In 2000, mathematician Mike Keith rearranged the letters in Shakespeare’s Sonnet 143 to tell a familiar story:
Lo, as a careful huswife runs to catch
One of her feathered creatures broke away,
Sets down her babe and makes all swift dispatch
In pursuit of the thing she would have stay,
Whilst her neglected child holds her in chase,
Cries to catch her whose busy care is bent
To follow that which flies before her face,
Not prizing her poor infant’s discontent:
So run’st thou after that which flies from thee,
Whilst I, thy babe, chase thee afar behind;
But if thou catch thy hope turn back to me,
And play the mother’s part: kiss me, be kind.
So will I pray that thou mayst have thy Will,
If thou turn back and my loud crying still.

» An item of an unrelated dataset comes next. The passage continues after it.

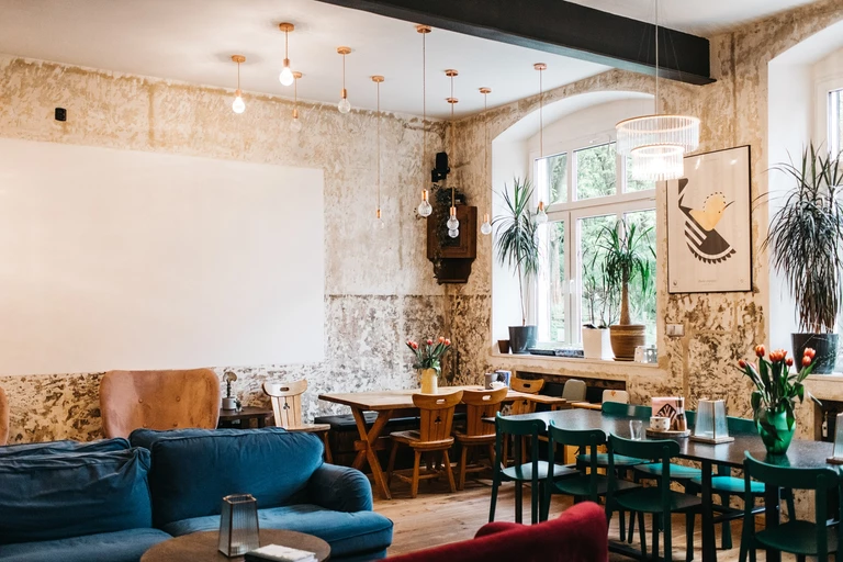 Budynek KWIECI został wybudowany w 1913 roku jako ewangelicka szkoła. W domu zachowały się autentyczne elementy, o które właściciele dbają i odpowiednio eksponują – oryginalne belki konstrukcyjne, 108-letnia drewniana podłoga, kamienne schody czy przepiękne dębowe drzwi frontowe, które zostały zrewitalizowane i pomalowane na kobaltowy kolor.

The gal named Mary shuffles through the house —
But view her as she strokes her frisky lamb,
Whose brow is whiter than a snowy mouse,
Fleece chalky as French cliffs of epigram
Each place she’d bathe, attain or hie without
(To parish church or at the stuffy crypt),
The lamb’s instinct did follow her about
(So close around that twice she nearly tripped).
Back to her class that zany lamb would fly
And cause a hubbub (then they fetched it in);
It whacked the inkwell, overturn’d the pie,
Though this was chief and total public sin.
“Anoint this lofty one,” the brats then cried,
“For now it’s certain: school is rather fried!”
(Michael Keith, “Another Mary Sonnet,” Word Ways 33:3 [August 2000], 233.)